## YOUR OBJECTIVE
Leave the pictures out, and repeat exactly every line from the one with "Descripción: Nuestra ruta" through the end of the data below.

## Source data
---

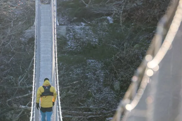 A 100-meter-long and technically advanced suspension bridge and a wooden footbridge about 185 meters long.
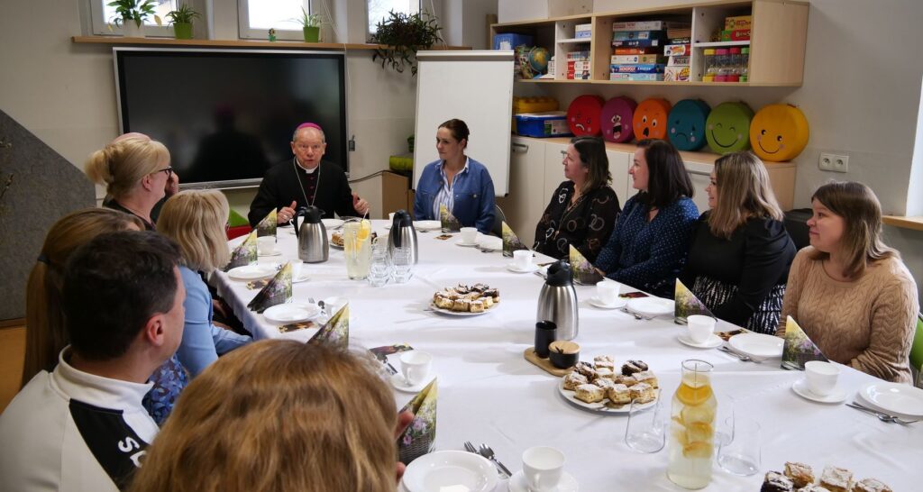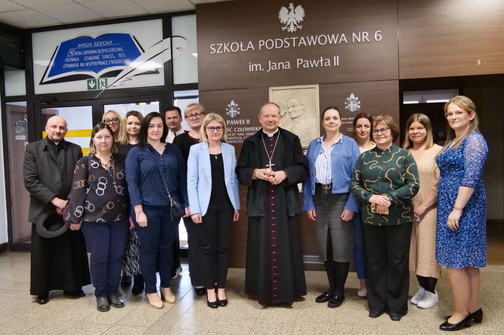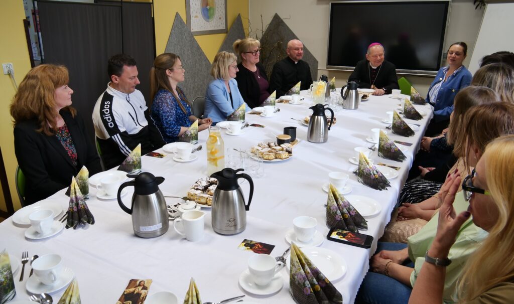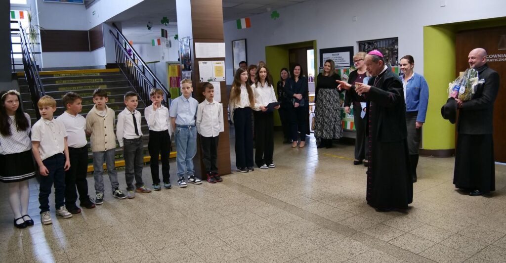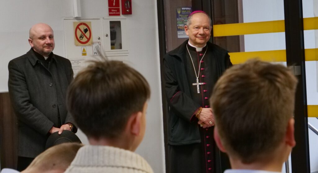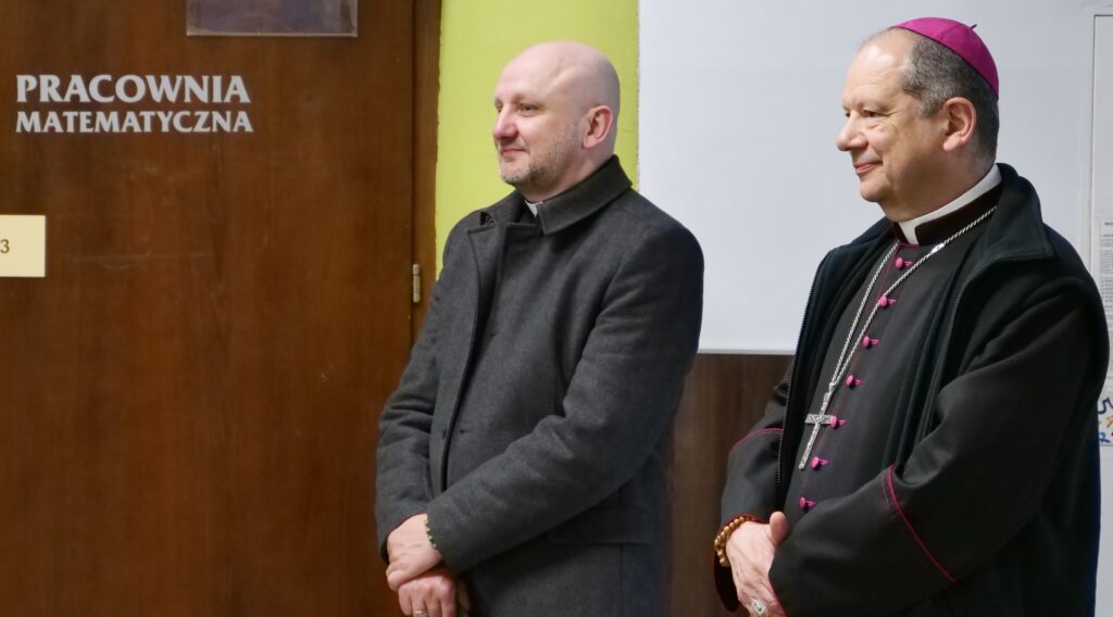 W piątek 20 marca naszą szkołę odwiedził szczególny gość – pochodzący z Mikołowa ksiądz biskup Grzegorz Olszowski. W murach szkoły piosenką i miłym słowem przywitała go grupa uczniów oraz dyrekcja szkoły. Następnie przy kawie i herbacie biskup spotkał się z przedstawicielami grona pedagogicznego. Było to niezwykłe miłe spotkanie, pełne wspomnień o szkole oraz rozmów o wyzwaniach współczesnej młodzieży.
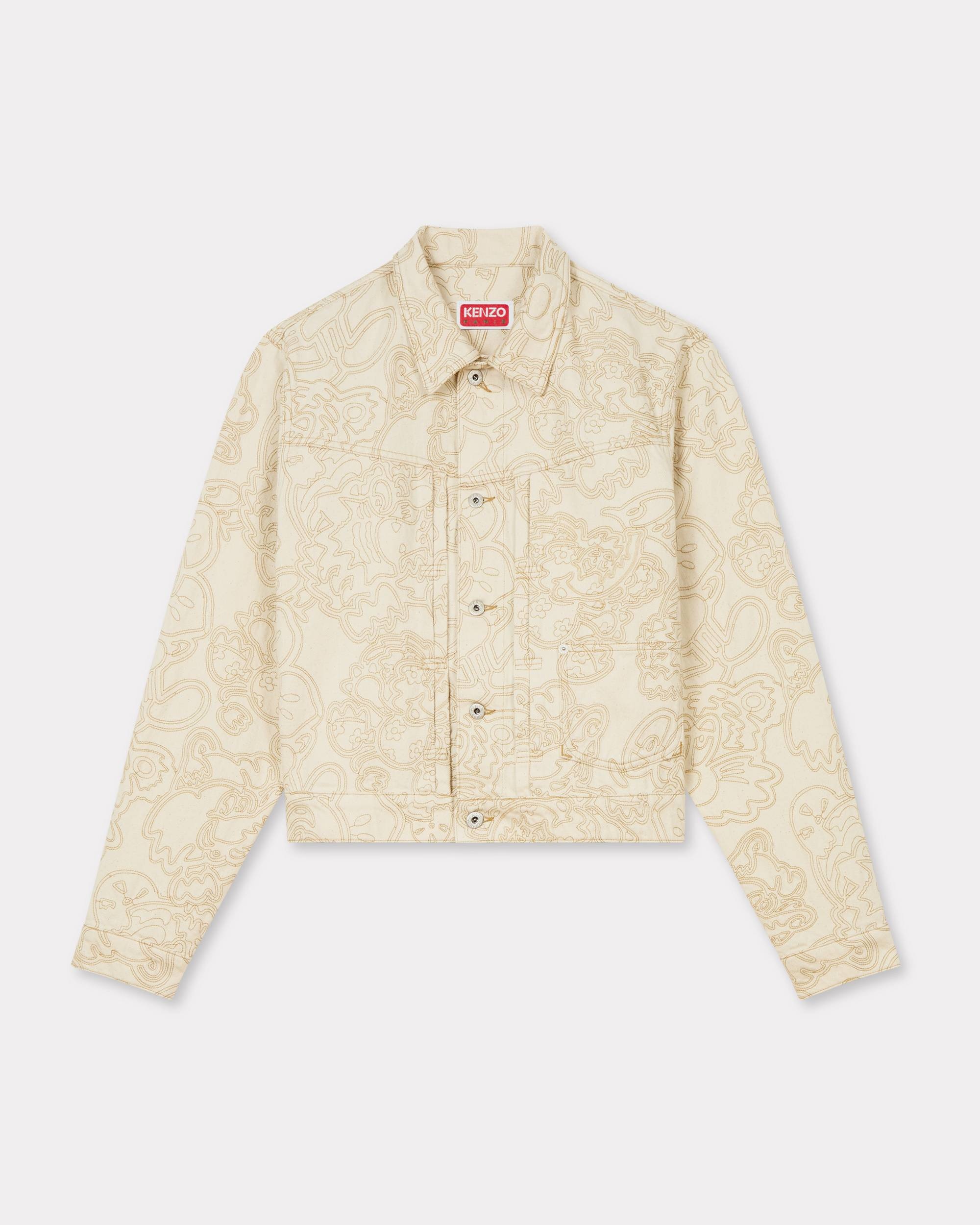 'KENZO by Verdy' embroidered trucker jacket in japanese denim. KENZO Paris leather jacron on the back neck. KENZO Paris buttons. Kuroki Japanese denim. Contrasted stitches. Two chest pockets & cinch buckle. Product Reference: FF55DV3096W1.WM SIZE & FIT The model is 185 cm tall and is wearing a size M. Cropped boxy fit. Back length at 60 cm. COMPOSITION & CARE Made in Portugal 100% cotton Do not bleach Mild professional dry-cleaning in: hydrocarbons Iron at low temperature Line drying in the shade Do not tumble dry Do not wash Do not wet-clean
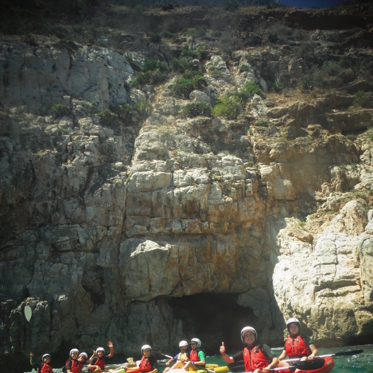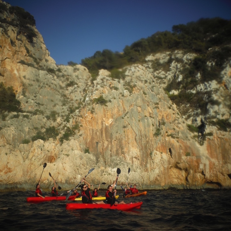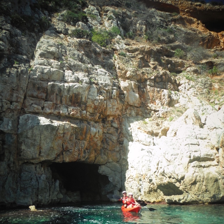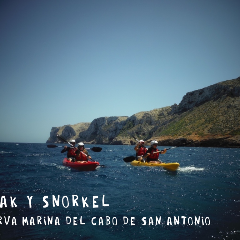 Descripción: Nuestra ruta estrella transcurre en la reserva marina del cabo de san Antonio entre Dènia y Xabia, combinaremos el kayak con algún salto al agua y una ruta de snorkel muy didáctica, donde descubriremos lo que el mar quiera mostrarnos, veremos esponjas, erizos, llisas y meros y con suerte algún pulpo despistado. Visitaremos varias cuevas y acabaremos visitando la cova tallada donde nos adentramos con linternas y os contaremos el origen y los distintos usos que la cueva ha tenido. Existen otras rutas en calas muy emblemáticas como cala Granadella y la cala barraca y además podemos enseñaros fantásticos atardeceres y nuestros rincones favoritos como la cova del Llop Marí, cova Dels Orguens o la isla del Portitxol.
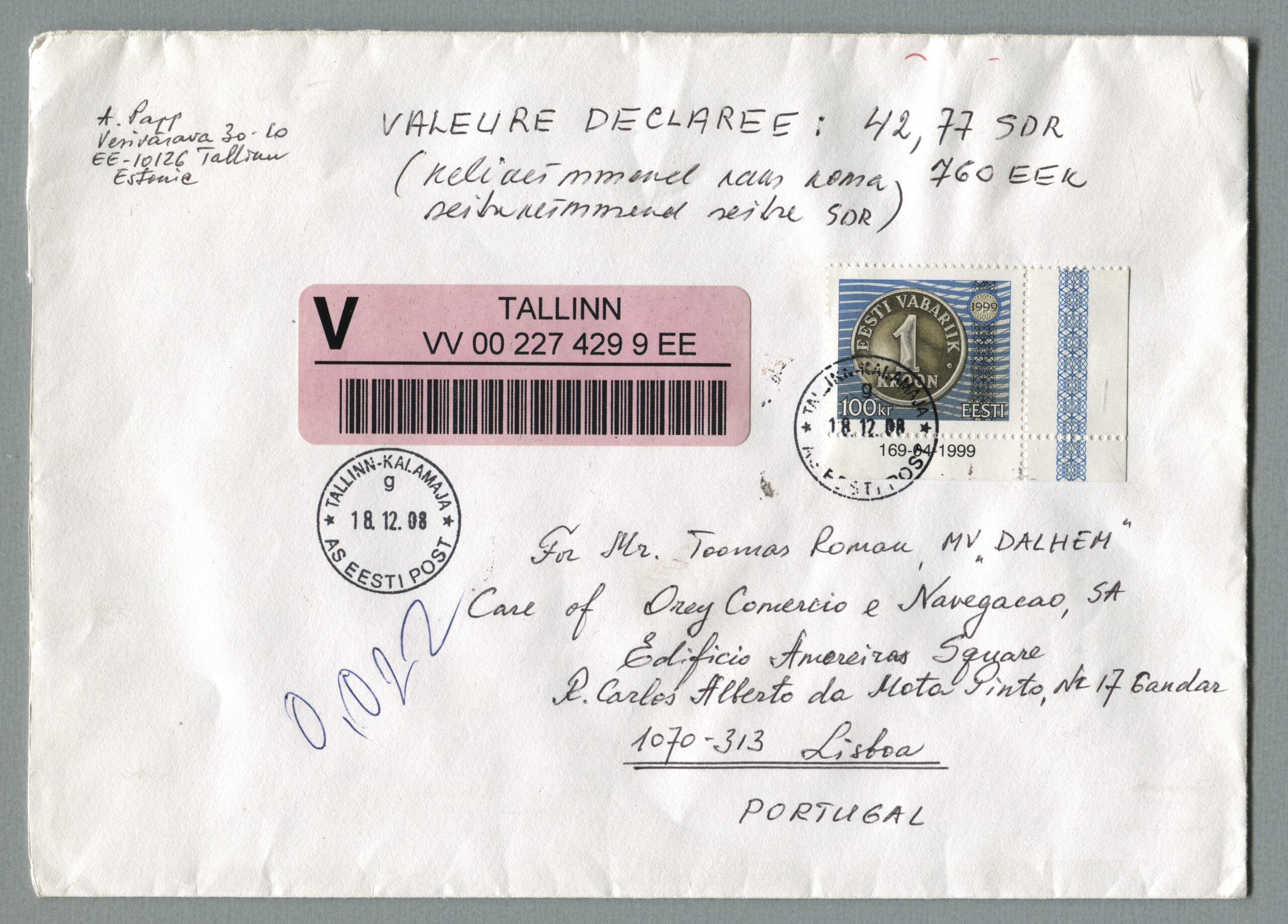 ErakoguVäärtkiri, mis on saadetud Tallinnast 18.12.2008 Lissaboni (Portugal).
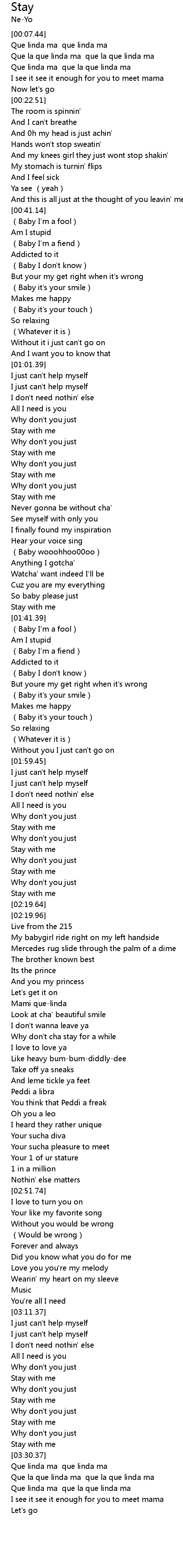 | [02:34.67] | Why don't cha stay for a while |
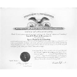 <b>259. FRANKLIN D. ROOSEVELT</b> Partly-printed D.S. as President, 1p. folio, Washington, Nov. 4, 1939, an ornate appointment of Carroll L. Wilson of Massachusetts as Special Assistant to the Secretary. Countersigned by <b>HARRY S. HOPKINS</b> as Secretary of Commerce. With gold-embossed Presidential seal at bottom left, boldly signed. Mounted, very good.<b> $500-700</b>
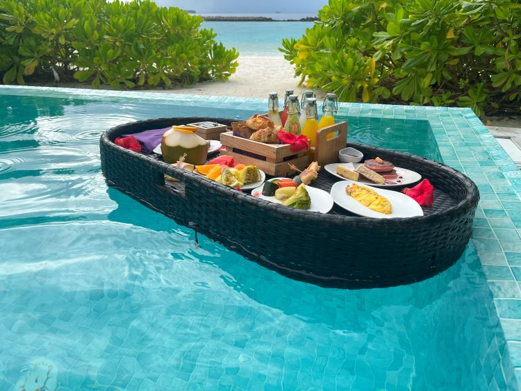 全室プール付きのサン シヤム イル ヴェリでぜひ体験してほしいのがフローティングブレックファスト!注文すると希望の時間にスタッフがお部屋まで料理を運んで、プールに浮かべてくれます。メニューは選択可能なので、リゾートご到着後にスタッフにご相談ください。

---

## ANSWER FOR THIS EXERCISE
 Descripción: Nuestra ruta estrella transcurre en la reserva marina del cabo de san Antonio entre Dènia y Xabia, combinaremos el kayak con algún salto al agua y una ruta de snorkel muy didáctica, donde descubriremos lo que el mar quiera mostrarnos, veremos esponjas, erizos, llisas y meros y con suerte algún pulpo despistado. Visitaremos varias cuevas y acabaremos visitando la cova tallada donde nos adentramos con linternas y os contaremos el origen y los distintos usos que la cueva ha tenido. Existen otras rutas en calas muy emblemáticas como cala Granadella y la cala barraca y además podemos enseñaros fantásticos atardeceres y nuestros rincones favoritos como la cova del Llop Marí, cova Dels Orguens o la isla del Portitxol.
 ErakoguVäärtkiri, mis on saadetud Tallinnast 18.12.2008 Lissaboni (Portugal).
 | [02:34.67] | Why don't cha stay for a while |
 <b>259. FRANKLIN D. ROOSEVELT</b> Partly-printed D.S. as President, 1p. folio, Washington, Nov. 4, 1939, an ornate appointment of Carroll L. Wilson of Massachusetts as Special Assistant to the Secretary. Countersigned by <b>HARRY S. HOPKINS</b> as Secretary of Commerce. With gold-embossed Presidential seal at bottom left, boldly signed. Mounted, very good.<b> $500-700</b>
 全室プール付きのサン シヤム イル ヴェリでぜひ体験してほしいのがフローティングブレックファスト!注文すると希望の時間にスタッフがお部屋まで料理を運んで、プールに浮かべてくれます。メニューは選択可能なので、リゾートご到着後にスタッフにご相談ください。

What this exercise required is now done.